Si unimos al hecho dinástico propiamente dicho, la constatación de un hecho como es lo prolongado del mismo, con facilidad habremos de extraer una serie de conclusiones llamadas a perseverar en la certeza de que sólo la represión en sus más diversos términos y manifestaciones, unida a una voluntaria regresión en los cauces de gobierno serán los métodos necesarios cuando no imprescindibles para conseguir tan solo la preservación de la propia dinastía.
Sin embargo tal proceder trae aparejadas una serie de consecuencias destructivas por corrosión del tejido social, como resulta de la progresiva corrosión de las estructuras llamadas a tornar en soportable el sentimiento de pertenencia a un todo. Como resulta evidente una vez tenida en cuenta la condición de superestructura que cabe serle atribuida a la forma que estamos analizando, la única forma que tiene de encontrar un parangón válido procede de buscar en las formas adoptadas por los pueblos extranjeros más o menos cercanos la evolución de las variables llamadas a su vez a definir la evolución de éstos. ¡Y los resultados desde luego que eran más que desalentadores!

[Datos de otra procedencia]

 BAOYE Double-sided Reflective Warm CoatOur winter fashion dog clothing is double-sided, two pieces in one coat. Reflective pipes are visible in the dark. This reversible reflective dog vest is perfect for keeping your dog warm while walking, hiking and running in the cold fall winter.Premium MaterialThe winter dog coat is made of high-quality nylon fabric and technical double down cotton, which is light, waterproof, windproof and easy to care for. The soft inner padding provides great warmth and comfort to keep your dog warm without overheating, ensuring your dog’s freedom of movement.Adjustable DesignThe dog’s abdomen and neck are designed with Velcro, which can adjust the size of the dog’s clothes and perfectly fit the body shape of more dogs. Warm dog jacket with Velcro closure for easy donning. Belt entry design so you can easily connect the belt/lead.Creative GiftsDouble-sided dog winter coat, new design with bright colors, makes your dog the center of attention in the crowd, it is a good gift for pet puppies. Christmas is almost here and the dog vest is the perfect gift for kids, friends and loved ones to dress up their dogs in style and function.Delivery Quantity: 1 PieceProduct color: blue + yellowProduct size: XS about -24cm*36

No caeremos en la trampa de juzgar el pasado con el conocimiento del pasado. Pero es evidente que sea como fuere los procedimientos esgrimidos por los Romanov para controlar Rusia son del todo parecer, un error de consecuencias manifiestas.
No se trata ya de que Rusia pierda en la comparación que pueda hacerse con cualquier país de su entorno. Se trata más bien de que por forma de un proceder del todo incomprensible, los diferentes miembros de la dinastía estuvieron de acuerdo uno tras otro en la certeza de que solo en la voluntaria apuesta por el conservadurismo, se hallaría el éxito en forma de supervivencia.
Y Rusia sobrevivió, a cambio de anquilosarse.

La Rusia de finales del XIX es la Rusia de la Edad Media. Factores objetivos como los que pueden obtenerse de los datos propios de la economía, así como otros más subjetivos descritos en este caso en las formas que la relación del estado para con sus subordinados describen; así lo constatan. Rusia no solo no es un estado moderno, sino que está orgulloso de ello. Y el paso al siglo XX pondrá de manifiesto como es sabido con consecuencias dramáticas todas y cada una de las contradicciones esgrimidas.

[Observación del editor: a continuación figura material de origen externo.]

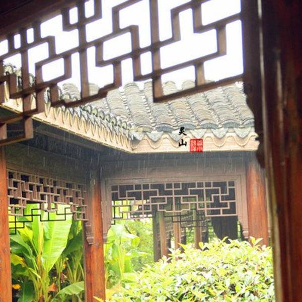 灵山蔬食馆里用餐等雨停, 一碗素面,一笼素包。 屋檐下雨水串成珠帘。我们望着窗外发呆。 素简光阴,如此寂寞美好。 那一时刻,心中透亮,仿佛雨打后的山林,片片叶子都闪着光。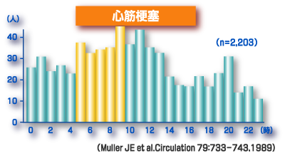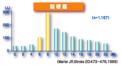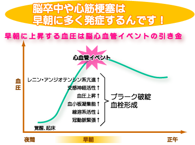 早朝は血管が破れたり、血栓ができやすい時間帯です。そのため早朝は、脳卒中や心筋梗塞などを起こしやすい時間帯といわれています。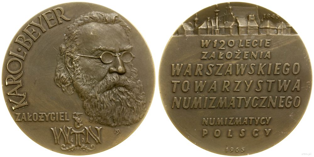 | Opis: | Polska - Polska Rzeczpospolita Ludowa (1952–1989), Karol Beyer, 1965, Warszawa, Aw: Popiersie Karola Beyera lekko w prawo, niżej ZAŁOŻYCIEL WTN, KAROL BEYER, Rw: Widok Starówki Warszawskiej, niżej W 120 LECIE / ZAŁOŻENIA / WARSZAWSKIEGO / TOWARZYSTWA / NUMIZMATYCZNEGO / NUMIZMATYCY / POLSCY / 1965, projektował Maciej Szańkowski |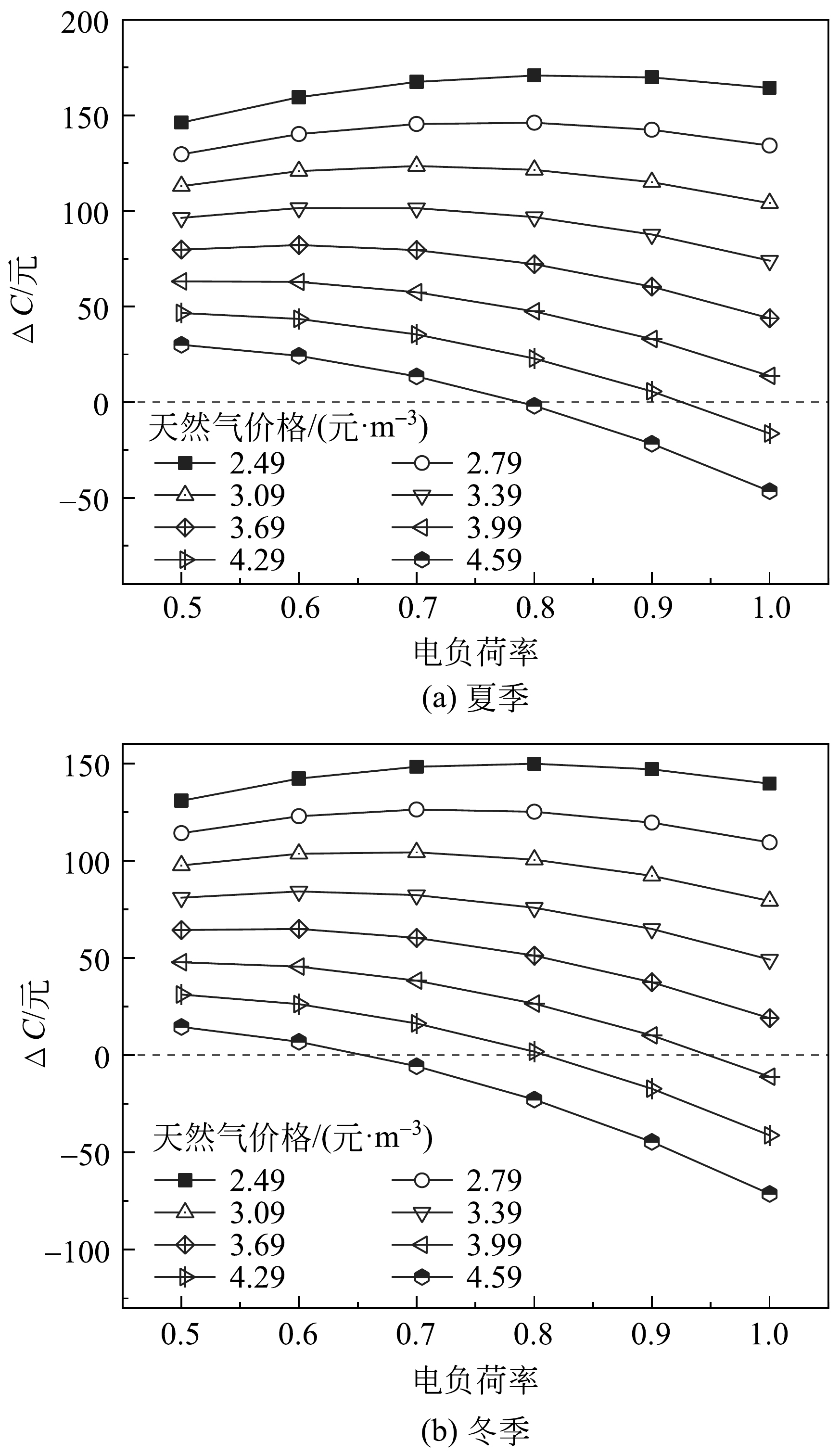 | 图7 低峰电价时费用差值随电负荷率和天然气价格变化曲线 |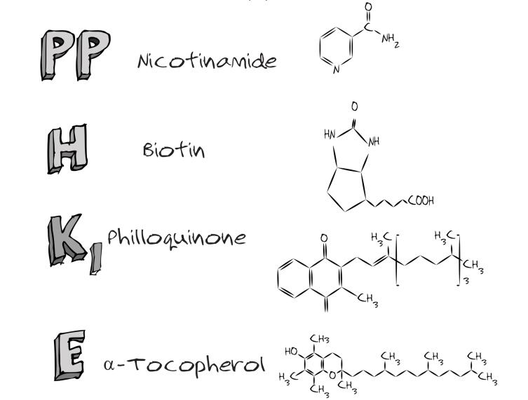 Биотин (Н) служит для улучшения регуляции обменных процессов в организме. Его нехватка чревата кожными проблемами (воспаления, шелушения), а также появлением анемии.

Porque la ficción que cada día se recreaba en las formas que de despertar Rusia tenía cada mañana, resultaron viables con más o menos retoques hasta que los truenos que anunciaron la llegada del siglo XX tornaron el sueño en pesadilla.

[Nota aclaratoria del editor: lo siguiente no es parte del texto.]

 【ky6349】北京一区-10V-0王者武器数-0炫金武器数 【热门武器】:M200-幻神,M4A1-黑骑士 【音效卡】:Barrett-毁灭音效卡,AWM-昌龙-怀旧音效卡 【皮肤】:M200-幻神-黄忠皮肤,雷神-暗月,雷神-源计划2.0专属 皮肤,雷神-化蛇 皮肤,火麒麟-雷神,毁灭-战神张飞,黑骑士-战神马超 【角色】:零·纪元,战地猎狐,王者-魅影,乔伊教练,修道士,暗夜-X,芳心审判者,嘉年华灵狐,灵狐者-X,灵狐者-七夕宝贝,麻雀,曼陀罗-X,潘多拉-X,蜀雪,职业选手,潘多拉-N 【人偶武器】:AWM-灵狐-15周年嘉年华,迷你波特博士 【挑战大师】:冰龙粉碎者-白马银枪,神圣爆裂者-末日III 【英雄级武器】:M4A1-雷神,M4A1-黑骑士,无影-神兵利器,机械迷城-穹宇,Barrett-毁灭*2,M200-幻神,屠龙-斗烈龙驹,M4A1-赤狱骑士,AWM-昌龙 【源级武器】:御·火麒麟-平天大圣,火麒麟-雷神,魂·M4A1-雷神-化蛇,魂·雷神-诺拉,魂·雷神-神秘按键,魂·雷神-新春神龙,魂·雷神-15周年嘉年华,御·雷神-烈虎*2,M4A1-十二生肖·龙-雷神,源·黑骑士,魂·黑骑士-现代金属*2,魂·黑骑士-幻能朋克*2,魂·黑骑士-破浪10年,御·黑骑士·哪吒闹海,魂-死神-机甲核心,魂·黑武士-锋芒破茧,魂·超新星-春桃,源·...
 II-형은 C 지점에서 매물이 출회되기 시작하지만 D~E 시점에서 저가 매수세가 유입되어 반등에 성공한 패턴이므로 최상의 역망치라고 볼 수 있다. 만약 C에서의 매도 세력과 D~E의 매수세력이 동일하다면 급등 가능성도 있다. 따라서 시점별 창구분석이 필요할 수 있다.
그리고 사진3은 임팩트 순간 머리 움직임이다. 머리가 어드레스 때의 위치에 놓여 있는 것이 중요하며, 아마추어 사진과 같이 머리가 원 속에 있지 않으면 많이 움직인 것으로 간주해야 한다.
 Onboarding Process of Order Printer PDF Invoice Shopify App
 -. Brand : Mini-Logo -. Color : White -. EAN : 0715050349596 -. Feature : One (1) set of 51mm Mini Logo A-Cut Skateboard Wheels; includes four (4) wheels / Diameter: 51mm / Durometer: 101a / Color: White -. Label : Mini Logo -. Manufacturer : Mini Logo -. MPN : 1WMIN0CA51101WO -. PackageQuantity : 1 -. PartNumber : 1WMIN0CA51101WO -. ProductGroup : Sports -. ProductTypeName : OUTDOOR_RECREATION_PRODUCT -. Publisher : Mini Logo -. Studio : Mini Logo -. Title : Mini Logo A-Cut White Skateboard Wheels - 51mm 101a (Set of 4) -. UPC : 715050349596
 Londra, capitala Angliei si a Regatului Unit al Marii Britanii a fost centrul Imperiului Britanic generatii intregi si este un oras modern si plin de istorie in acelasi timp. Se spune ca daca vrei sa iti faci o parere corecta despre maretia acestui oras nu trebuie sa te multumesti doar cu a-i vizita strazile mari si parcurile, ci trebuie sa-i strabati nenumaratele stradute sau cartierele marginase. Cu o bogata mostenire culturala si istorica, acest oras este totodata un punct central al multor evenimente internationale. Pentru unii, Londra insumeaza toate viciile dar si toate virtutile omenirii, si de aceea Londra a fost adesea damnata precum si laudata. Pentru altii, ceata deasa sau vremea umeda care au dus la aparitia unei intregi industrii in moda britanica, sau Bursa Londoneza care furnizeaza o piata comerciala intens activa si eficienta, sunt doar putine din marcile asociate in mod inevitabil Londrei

Rusia chocó con el siglo XX. Las masas que llegadas del campo procedentes de la supresión de la ley de esclavos que de facto había mantenido en pie la economía rusa hasta bien pasada la segunda mitad del XIX, pulularon hasta encontrar en las ciudades su nuevo hábitat. Pero las ciudades rusas ni eran ni respondían a las necesidades o formas de las ciudades de la Europa del XIX. Así, sus procesos de reconversión no se llevaron a cabo conforme a los cánones esgrimidos por sus homónimas europeas, de manera que en lugar de absorber con voracidad infinita la mano de obra que se les prodigaba, no hicieron sino poner de manifiesto la incapacidad de la misma, agudizando hasta límites ahora ya si insospechados la brecha que separaba al ruso que habiendo podido ser en el campo, se tornaba ahora vulgar proletario en la ciudad.

De esta manera, más allá de consideraciones sesudas y en todo caso respetables toda vez que dueñas de un montón de consideraciones cuya valía resulta científicamente incontestable; el verdadero alimento de la Revolución de Octubre  es la frustración, como lo ha sido en la práctica totalidad de ocasiones en las que el hombre ha tenido el valor para hacer de su desgracia el alimento de su revalorización.

Pero como todos sabemos, ese no es un argumento sincero.


Luis Jonás VEGAS VELASCO.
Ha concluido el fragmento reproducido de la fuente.